Highway Construction Costs Have Risen 50% in Two Years

The Federal Highway Administration recently released its updated index of highway construction costs for the July-September 2022 quarter, and it shows that inflation in this sector is more extreme than in the general economy – construction costs have increased 50 percent since December 2020.

FHWA started estimating the National Highway Construction Cost Index (NHCCI) in 2003 and the updated graph is ugly indeed:

The NHCCI started in the third quarter of 2003, based at an even 1.0000 and the third quarter 2022 index was 2.7862 which means that highway construction cost almost 2.8 times as much in summer-fall 2023 as it did 20 years prior. But the chart shows two great inflation runs: 2004-2006, fueled by a doubling of oil prices and by China’s entry into the WTO (and the effect that had on the world demand for construction materials), and the present run which started at the beginning of 2021.

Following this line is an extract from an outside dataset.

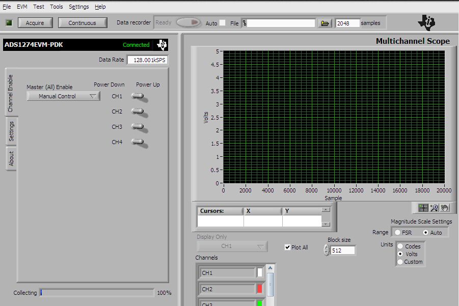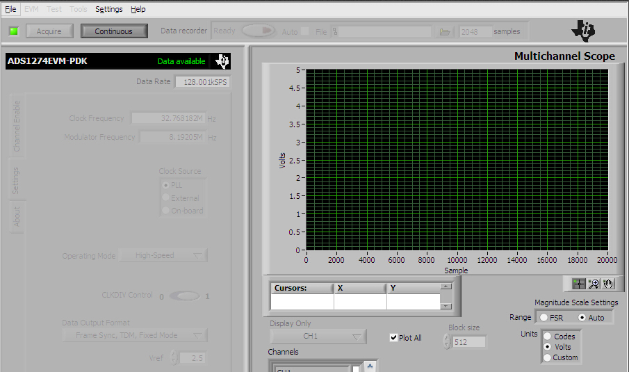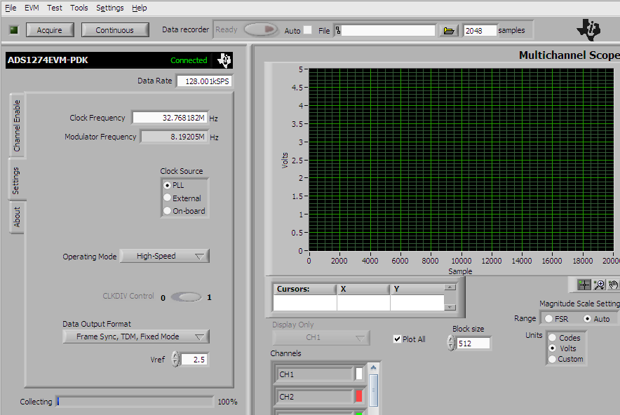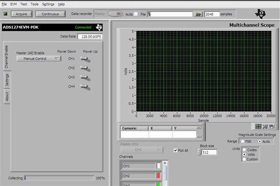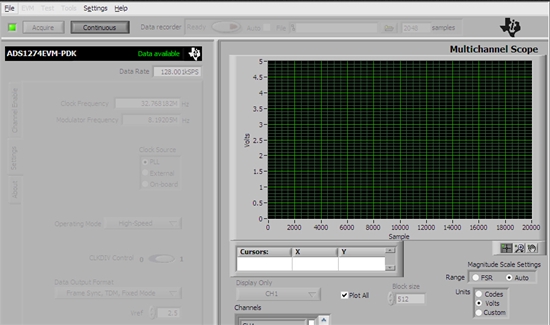 pc上ADCPro软件和ads1274evm插件已安装好,pc可以和评估板进行通信以及配置,但是无数据输出。下列图片为软件的配置以及硬件上开关盒跳线的连接。希望能得到相关工程师的解答,谢谢!

The last low point of the index before the current run was the 4th quarter of calendar 2020, which was the first quarter of federal fiscal year 2021. Here is the index starting then:

Quarter NHCCI Increase
Oct.-Dec. 2020 1.8601
Jan.-Mar. 2021 1.9112 +2.7%
Apr.-Jun. 2021 2.0363 +6.5%
Jul.-Sep. 2021 2.1075 +3.5%
Oct.-Dec. 2021 2.1821 +3.5%
Jan.-Mar. 2022 2.2841 +4.7%
Apr.-Jun. 2022 2.5552 +11.9%
Jul-Sep. 2022 2.7862 +9.0%
3Q CY22 Over 4Q CY20 +49.8%

Of the 9.0 percent increase, quarter over quarter, FHWA estimates that 3.5 points of it is from increases in the price of asphalt, which is mostly based on the price of crude oil. The next biggest component of the increase was grading and excavation, which is heavily dependent on the price of the diesel fuel burned by the earthmoving equipment. But one-sixth of the 9 percent cost increase was the bridge category, which is mostly steel, the cost of which is mostly independent of oil prices.

Crude oil prices have decreased somewhat since the July-September 2022 quarter, when they dropped from over $100 per barrel just below $80 a barrel. So far in 2023, prices have oscillated in the $70-80 per barrel range. So, while the rate of increase in the NHCCI may decrease in the coming quarters, there is no sign that they will give back significant amounts of what has already been increased.

(Also, even if and when petroleum gets cheaper, at some point the added money from the Infrastructure Investment and Jobs Act (IIJA) will test the capacity of steel mills, cement kilns, and gravel pits to produce materials in sufficient quantities to meet increased demand without more price increases, to say nothing of demands of labor for increased wages in a tight labor market.)

For years, we have tried to figure out the best measure of the lost buying power of federal dollars. When it comes to spending, the easiest thing to track is outlays, which are the cash dollars leaving the Treasury as they are transferred via check or wire to non-federal entities. These are reported monthly by the Treasury. But these outlays are usually paying off contracts which were signed months or years before, so they don’t really measure the effect that price increases have on newly signed contracts.

Fortunately, in 2017, usaspending.gov went online and lately it has gotten so user-friendly that it can be used to track obligations as well as outlays – not by month, but by by quarter. Obligations are the best proxy for contracts being signed (an obligation is recorded when FHWA approves a project agreement and commits a specific amount of federal dollars for a specific project).

We added up the total obligations in each quarter for the two major FHWA budget accounts (the Federal-Aid Highways account (8083), which is all their spending from the Highway Trust Fund, and the Highway Infrastructure Programs account (0548), which is all of the general fund plus-ups from the regular appropriations bills combined with the IIJA advance appropriations from the general fund). This excludes periodic Emergency Relief appropriations.

Then, we re-based the NHCCI to start at the last low point on the chart above (Oct-Dec 2020) and deflated the obligation totals by dividing the nominal obligation totals by the rebased index number. The result is “real” buying power of those obligations, after removing the highway cost inflation since the end of 2020.

We calculate that federal highway spending has lost $21.5 billion in buying power since the end of 2020.